#### Data:

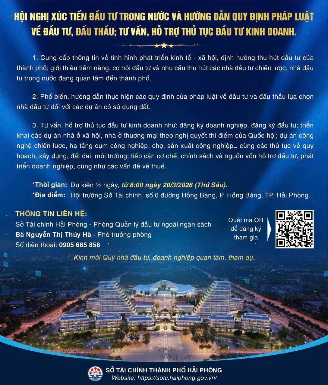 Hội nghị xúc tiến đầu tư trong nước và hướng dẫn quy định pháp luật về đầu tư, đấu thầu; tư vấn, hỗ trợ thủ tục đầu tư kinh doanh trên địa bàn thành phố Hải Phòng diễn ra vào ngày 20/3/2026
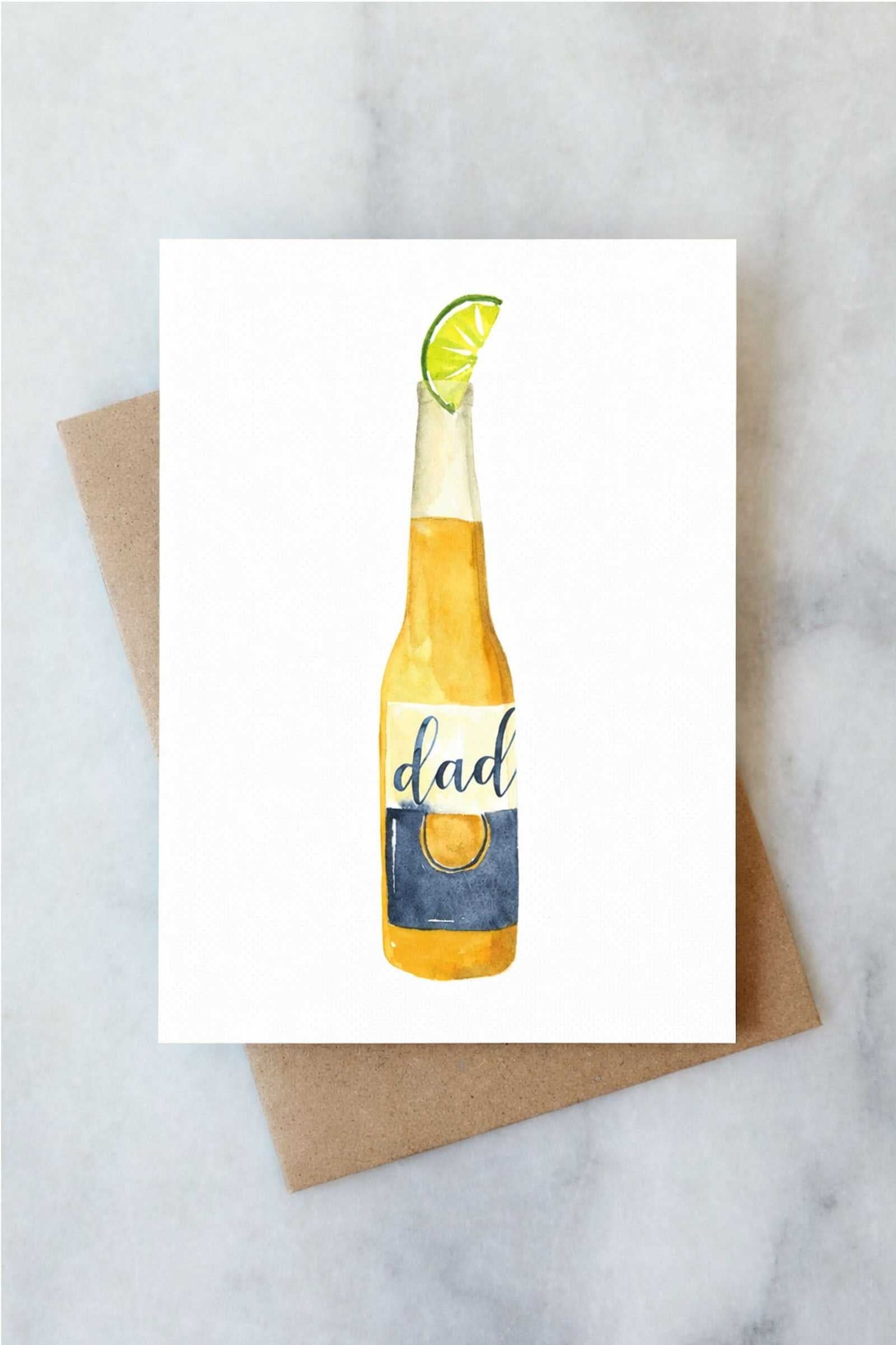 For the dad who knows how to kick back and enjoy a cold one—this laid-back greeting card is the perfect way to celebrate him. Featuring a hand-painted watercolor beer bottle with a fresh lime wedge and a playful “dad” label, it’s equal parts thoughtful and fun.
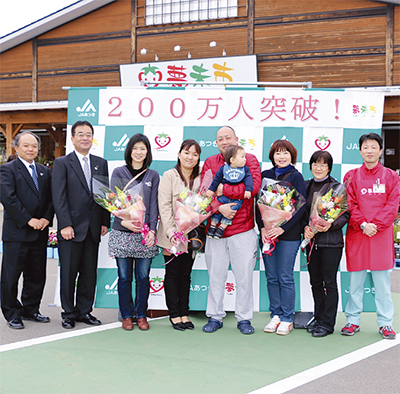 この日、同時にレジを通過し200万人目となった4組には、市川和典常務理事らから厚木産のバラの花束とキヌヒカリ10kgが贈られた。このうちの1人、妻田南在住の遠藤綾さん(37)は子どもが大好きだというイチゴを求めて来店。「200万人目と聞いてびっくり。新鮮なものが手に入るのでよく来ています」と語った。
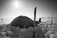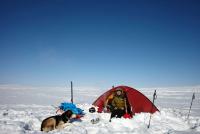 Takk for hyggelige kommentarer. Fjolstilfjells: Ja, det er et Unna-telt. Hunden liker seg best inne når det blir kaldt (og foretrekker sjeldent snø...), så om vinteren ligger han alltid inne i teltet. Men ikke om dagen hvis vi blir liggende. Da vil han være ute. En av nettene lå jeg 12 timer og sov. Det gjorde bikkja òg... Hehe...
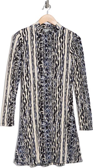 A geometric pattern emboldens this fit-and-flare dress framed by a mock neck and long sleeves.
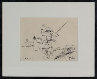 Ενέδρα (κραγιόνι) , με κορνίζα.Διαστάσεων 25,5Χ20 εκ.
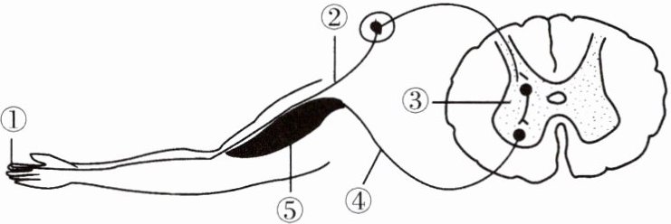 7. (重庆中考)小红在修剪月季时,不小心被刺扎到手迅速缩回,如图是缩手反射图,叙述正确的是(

#### Task details:
Please write out exactly, and only, the lines from the beginning of the entries through the line containing "Takk for hyggelige", including both and skipping all pictures.

#### Exercise solution:
 Hội nghị xúc tiến đầu tư trong nước và hướng dẫn quy định pháp luật về đầu tư, đấu thầu; tư vấn, hỗ trợ thủ tục đầu tư kinh doanh trên địa bàn thành phố Hải Phòng diễn ra vào ngày 20/3/2026
 For the dad who knows how to kick back and enjoy a cold one—this laid-back greeting card is the perfect way to celebrate him. Featuring a hand-painted watercolor beer bottle with a fresh lime wedge and a playful “dad” label, it’s equal parts thoughtful and fun.
 この日、同時にレジを通過し200万人目となった4組には、市川和典常務理事らから厚木産のバラの花束とキヌヒカリ10kgが贈られた。このうちの1人、妻田南在住の遠藤綾さん(37)は子どもが大好きだというイチゴを求めて来店。「200万人目と聞いてびっくり。新鮮なものが手に入るのでよく来ています」と語った。
 Takk for hyggelige kommentarer. Fjolstilfjells: Ja, det er et Unna-telt. Hunden liker seg best inne når det blir kaldt (og foretrekker sjeldent snø...), så om vinteren ligger han alltid inne i teltet. Men ikke om dagen hvis vi blir liggende. Da vil han være ute. En av nettene lå jeg 12 timer og sov. Det gjorde bikkja òg... Hehe...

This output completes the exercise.